**Supplied material**
Start of Block

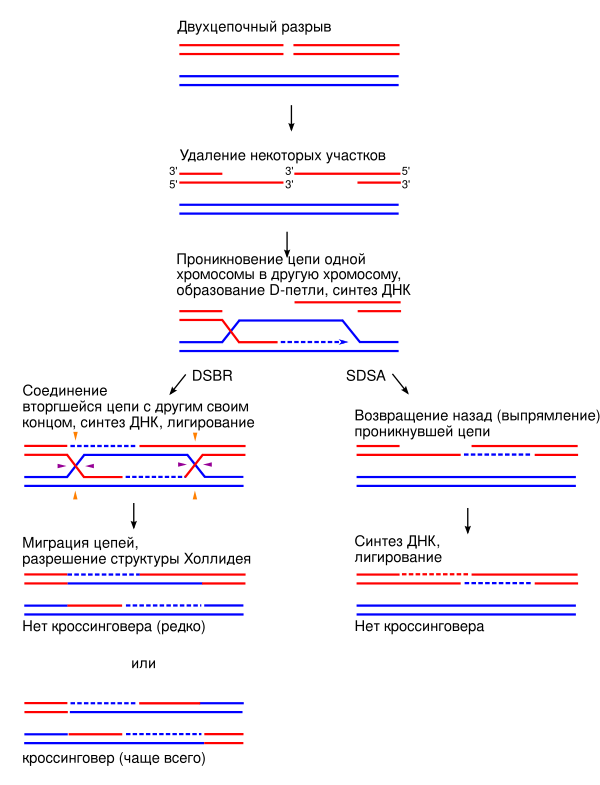 После отрезания, внедрения нити в соседнюю хромосому и синтеза ДНК ДНК-полимеразой различия между путями репарации двуцепочечных разрывов (DSBR-путь) и синтез-зависимого отжига цепей (SDSA-путь) становятся более отчётливыми[33]. DSBR-путь уникален тем, что на втором выступающем 3'-конце (который не участвовал во внедрении) также образуется структура Холлидея с цепью гомологичной хромосомы. Далее двойная структура Холлидея становится продуктом рекомбинации под действием никирующих эндонуклеаз — рестриктаз, вносящих разрыв только в одну цепь ДНК. DSBR, как правило, влечёт за собой кроссинговер, хотя иногда конечный продукт может быть другим (не претерпевшим кроссинговер). С использованием плазмид и эндонуклеаз на примере митоза почкующихся дрожжей была показана способность повреждённой нуклеотидной цепи принимать последовательности нуклеотидов у других молекул ДНК[35][36]. Из-за тенденции к кроссинговеру DSBR-путь, вероятно, можно рассматривать как модель кроссинговера, происходящего во время мейоза[21].
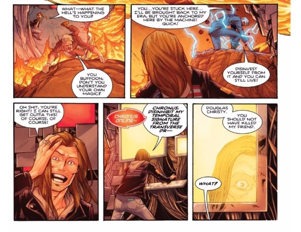 As for the glimpse of the historical exploits of The Knights of Kelodia, Drew has got me beat on the references. I do like the idea of the knights being a part of “the first comic” though. That feels like a perfect ending for a mythic tale of time travel written by the talented — if not self-important — Max Landis.
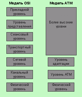 Место ATM в семиуровневой модели OSI - где-то в районе уровня передачи данных. Правда, установить точное соответствие нельзя, поскольку ATM сама занимается взаимодействием узлов, контролем прохождения и маршрутизацией, причем осуществляется это на уровне подготовки и передачи пакетов ATM.
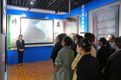 为筑牢预防腐败的家庭防线,推进党风廉政建设,湖北省恩施市纪委监委部署开展全市党员领导干部警示教育月活动,以座谈会、观看警示教育片和参观反腐倡廉警示教育基地的形式,分批次组织全市1000余名党员领导干部及家属接受廉政警示教育,引导党员干部知廉倡廉,守牢廉洁底线,激励干部家属发挥好宣传员、监督员、守门员作用,当好家庭的“纪委书记”。图为2021年4月22日,恩施市城管系统领导干部及家属跟随讲解员参观反腐倡廉警示教育基地。

End of Block

**Aim of the task**
What this calls for is the material above set down exactly, pictures excluded.

**Output below**
 После отрезания, внедрения нити в соседнюю хромосому и синтеза ДНК ДНК-полимеразой различия между путями репарации двуцепочечных разрывов (DSBR-путь) и синтез-зависимого отжига цепей (SDSA-путь) становятся более отчётливыми[33]. DSBR-путь уникален тем, что на втором выступающем 3'-конце (который не участвовал во внедрении) также образуется структура Холлидея с цепью гомологичной хромосомы. Далее двойная структура Холлидея становится продуктом рекомбинации под действием никирующих эндонуклеаз — рестриктаз, вносящих разрыв только в одну цепь ДНК. DSBR, как правило, влечёт за собой кроссинговер, хотя иногда конечный продукт может быть другим (не претерпевшим кроссинговер). С использованием плазмид и эндонуклеаз на примере митоза почкующихся дрожжей была показана способность повреждённой нуклеотидной цепи принимать последовательности нуклеотидов у других молекул ДНК[35][36]. Из-за тенденции к кроссинговеру DSBR-путь, вероятно, можно рассматривать как модель кроссинговера, происходящего во время мейоза[21].
 As for the glimpse of the historical exploits of The Knights of Kelodia, Drew has got me beat on the references. I do like the idea of the knights being a part of “the first comic” though. That feels like a perfect ending for a mythic tale of time travel written by the talented — if not self-important — Max Landis.
 Место ATM в семиуровневой модели OSI - где-то в районе уровня передачи данных. Правда, установить точное соответствие нельзя, поскольку ATM сама занимается взаимодействием узлов, контролем прохождения и маршрутизацией, причем осуществляется это на уровне подготовки и передачи пакетов ATM.
 为筑牢预防腐败的家庭防线,推进党风廉政建设,湖北省恩施市纪委监委部署开展全市党员领导干部警示教育月活动,以座谈会、观看警示教育片和参观反腐倡廉警示教育基地的形式,分批次组织全市1000余名党员领导干部及家属接受廉政警示教育,引导党员干部知廉倡廉,守牢廉洁底线,激励干部家属发挥好宣传员、监督员、守门员作用,当好家庭的“纪委书记”。图为2021年4月22日,恩施市城管系统领导干部及家属跟随讲解员参观反腐倡廉警示教育基地。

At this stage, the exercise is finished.